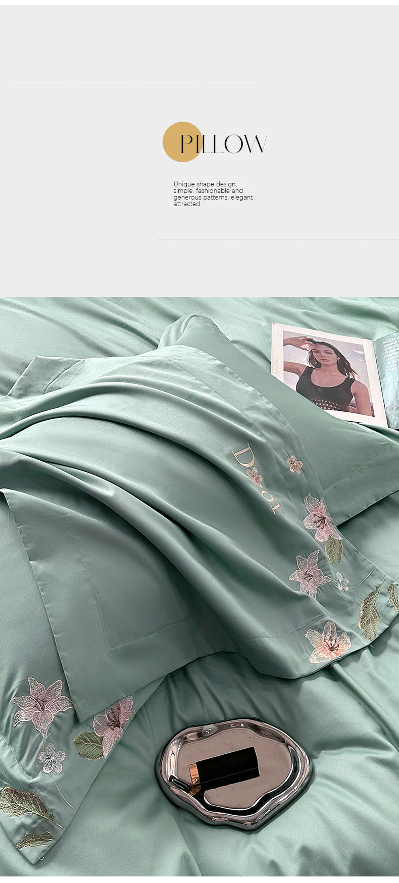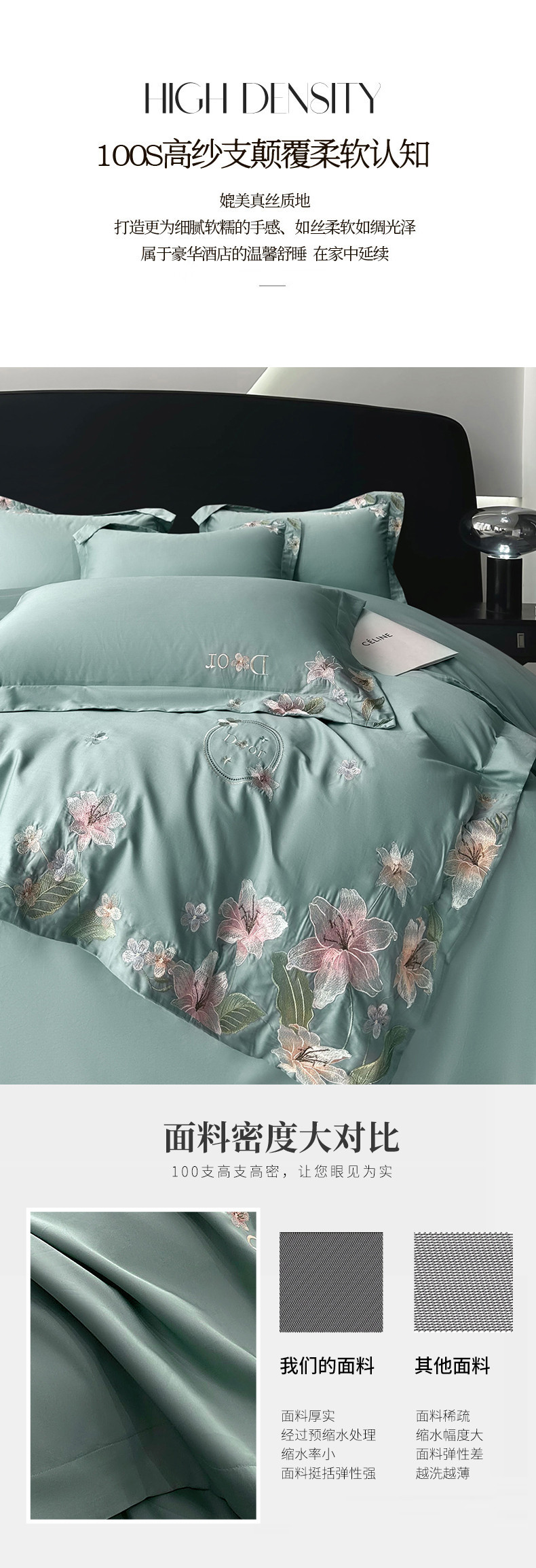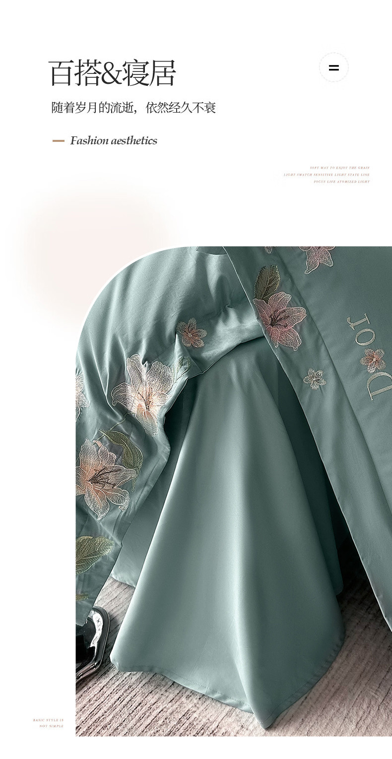 宅家居 2024轻奢小香风双面纯棉长绒棉四件套香奈百合-松石绿
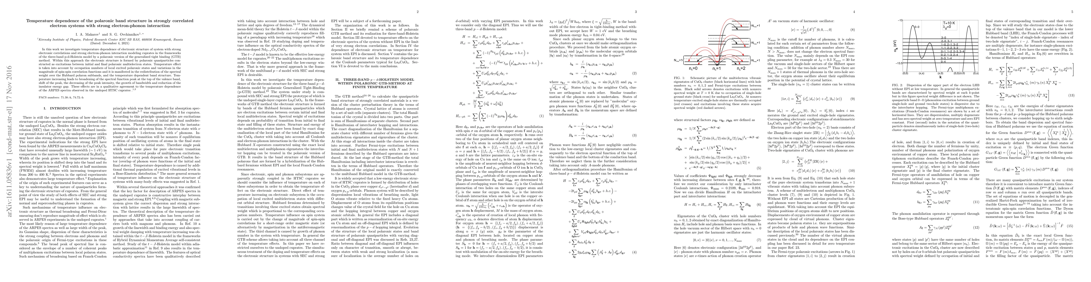 In this work we investigate temperature dependence of electronic structure of system with strong electronic correlations and strong electron-phonon interaction modeling cuprates in the frameworks of the three-band p-d-Holstein model by a polaronic version of the generalized tight binding (GTB) method. Within this approach the electronic structure is formed by polaronic quasiparticles constructed as excitations between initial and final polaronic multielectron states. Temperature effect is taken into account by occupation numbers of local excited polaronic states and variations in the magnitude of spin-spin correlation functions and it is manifested in the redistribution of the spectral weight over the Hubbard polaron subbands, and the temperature dependent band structure. Temperature increasing leads to broadening of the spectral function peak at the top of the valence band, shift of the peak, the decreasing of the peak intensity, the growth of bandwidth and reduction of the insulator energy gap. These effects are in a qualitative agreement to the temperature dependence of the ARPES spectra observed in the undoped HTSC cuprates.
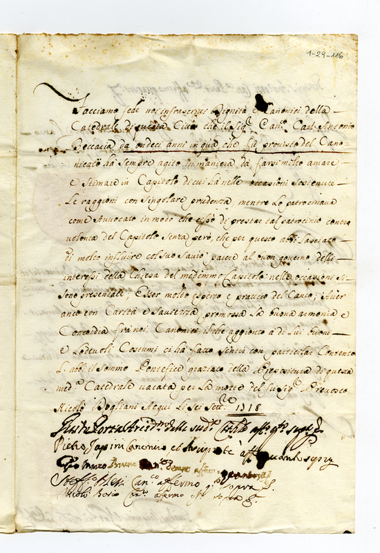 Attestazione di buone qualità del canonico Carlo Antonio Beccaria rilasciata dai canonici della cattedrale di Aqui (1718 settembre 6)
────────────────────
What you will do:
Only the lines from the one containing "In this work" through the final line of the listing should be reproduced, exactly and with no pictures.

Answer to this task:
 In this work we investigate temperature dependence of electronic structure of system with strong electronic correlations and strong electron-phonon interaction modeling cuprates in the frameworks of the three-band p-d-Holstein model by a polaronic version of the generalized tight binding (GTB) method. Within this approach the electronic structure is formed by polaronic quasiparticles constructed as excitations between initial and final polaronic multielectron states. Temperature effect is taken into account by occupation numbers of local excited polaronic states and variations in the magnitude of spin-spin correlation functions and it is manifested in the redistribution of the spectral weight over the Hubbard polaron subbands, and the temperature dependent band structure. Temperature increasing leads to broadening of the spectral function peak at the top of the valence band, shift of the peak, the decreasing of the peak intensity, the growth of bandwidth and reduction of the insulator energy gap. These effects are in a qualitative agreement to the temperature dependence of the ARPES spectra observed in the undoped HTSC cuprates.
 Attestazione di buone qualità del canonico Carlo Antonio Beccaria rilasciata dai canonici della cattedrale di Aqui (1718 settembre 6)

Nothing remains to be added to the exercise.